Maybe he was just lazy. He had a stellar education, but all he had really achieved was to be, at the time, known as the world’s worst health minister, called out by Julia Gillard for his misogyny, a series of really embarrassing public gaffes, and a penchant for punishing physical exercise. He had a reputation as a Catholic warrior, and he was a climate science denier. Why not go along with a ready-made basket of policies, something put together by boffins, from a respectable conservative outfit. He could claim them as his own, and proceed into power.
How did that go?
It was disastrous. The list, translated into an actual budget, caused chaos. It was never anything but a ‘boys’ own fantasy’, put together by three young men whose work histories consisted mainly of working for think tanks, or for politicians.

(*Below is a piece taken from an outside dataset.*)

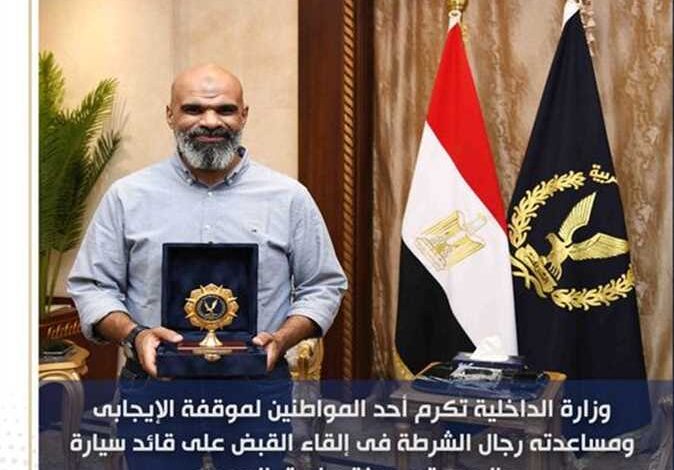 “الداخلية” تكرم مواطنا ساعد في القبض على قائد سيارة طريق السويس
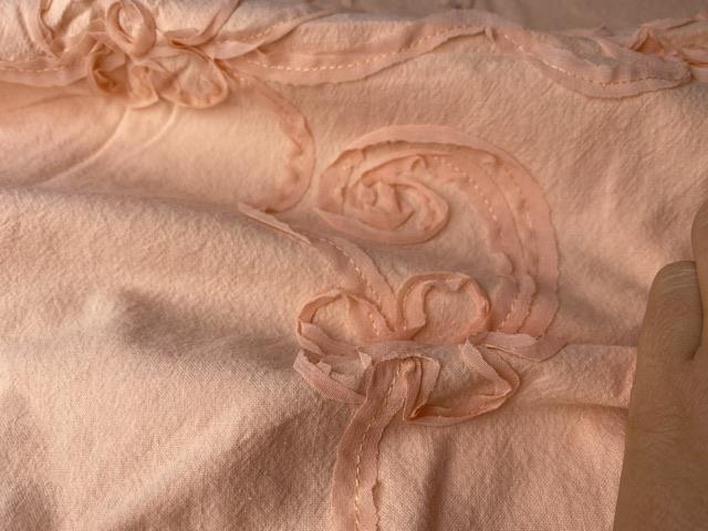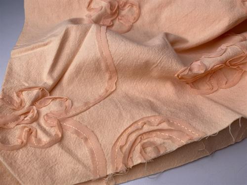 Fastvævet bomuld - lys pudderrosa med effektblomster

James Paterson was 24 years old in 2012, which suggests that he was a little inexperienced to be writing a grown-up country’s political plan. Chris Berg is an academic, I think, of unknown age, who is an ‘expert’ in Block Chain Innovation. He is also a think tank veteran. John Roskam was 44 years of age when the plan was written, and he has worked for several politicians, and two think tanks. He also did PR for a mining company.
He has tried for Liberal Party pre-selection, but he has failed to win. One wonders why he would bother, considering he has an entire Government at his disposal. One thing he does well: He is very good at getting on the radio and television, and considering his seeming fear and loathing for the ABC, he has managed to obtain lots of exposure on the national broadcaster. Is that known as biting the hand that feeds you?

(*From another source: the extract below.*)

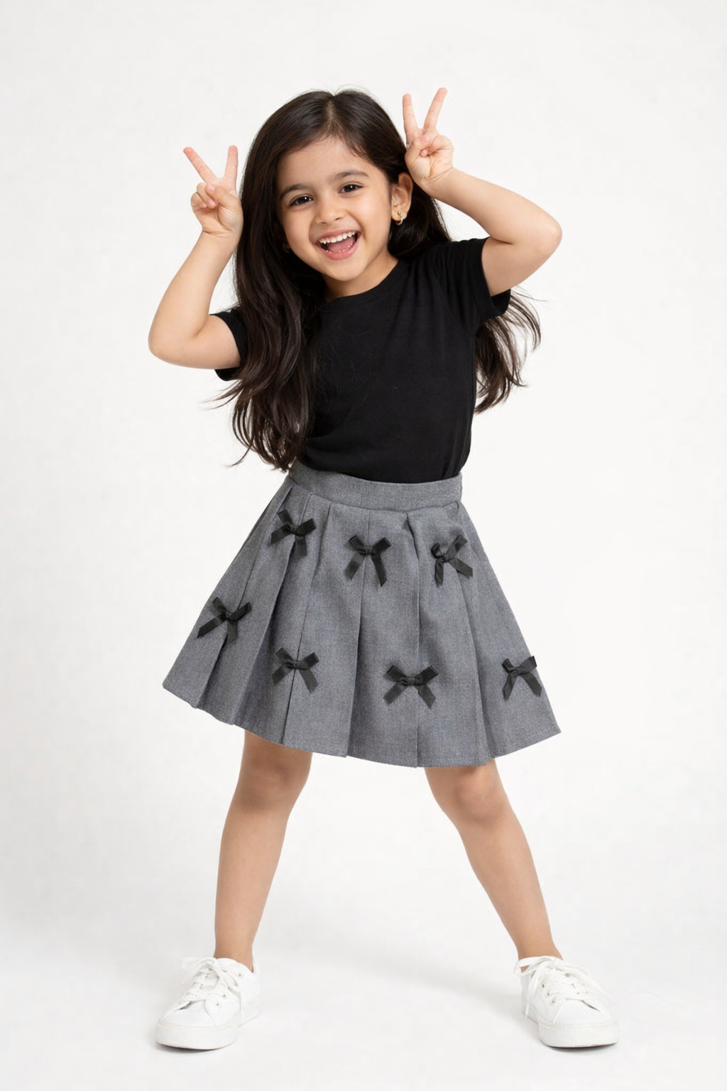 Add a touch of charm and cuteness to your little one’s outfit with the Mini Bow Magic Skirt. Designed in a classy grey tone and adorned with adorable bow accents, this skirt is the perfect blend of playful and elegant style.

What are some of the things they succeeded in?
It is eerie to work one’s way through this simple, simplistic shopping list, because so many of the items can be ticked off, as having been completed, or at least attempted. I would describe most, if not all of them, as reactionary, elitist and nasty. I can’t say if that nastiness is intentional, or just not thought through.

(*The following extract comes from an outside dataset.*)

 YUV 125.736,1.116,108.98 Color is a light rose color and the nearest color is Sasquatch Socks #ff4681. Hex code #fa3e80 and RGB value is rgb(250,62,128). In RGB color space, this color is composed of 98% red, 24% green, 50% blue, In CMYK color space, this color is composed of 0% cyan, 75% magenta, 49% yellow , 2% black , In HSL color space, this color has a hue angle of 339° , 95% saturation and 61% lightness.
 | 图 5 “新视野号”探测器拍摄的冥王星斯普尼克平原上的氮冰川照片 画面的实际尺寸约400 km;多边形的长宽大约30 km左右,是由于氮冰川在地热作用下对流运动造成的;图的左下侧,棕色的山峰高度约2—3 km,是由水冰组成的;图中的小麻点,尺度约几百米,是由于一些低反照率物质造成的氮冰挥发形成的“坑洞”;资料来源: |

Repeal the carbon tax, and don’t replace it. Tick
Abolish the Dept of Climate Change. Tick
Cease subsidising the car industry. Tick
Repeal the mining tax. Tick
Devolve environmental approvals for major projects to the states. Tick
Cease funding the Australia Network. Tick
Privatise Medibank. Tick
It seems like the sort of list that very young, privileged brats would produce, before they actually encountered some real life. Let us just say it is a work of stupendous lightness, and the Liberal Party has been captured by it for nearly eight years now. I have sometimes idly wondered where Abbott got such a witches’ brew of pettiness for his 2014 Budget.
I do not see one thing that would materially improve the life of a single citizen. All I see is self-aggrandisement writ large, with not a thought for the weak or the vulnerable. We have been blaming Abbott, Hockey, Cormann, Morrison and Dutton for a long time, but they are just dupes of three would-be intellectuals, who wouldn’t know what the words mutual obligation meant.
So the IPA gave Abbott a plan for Australia. And he bought it!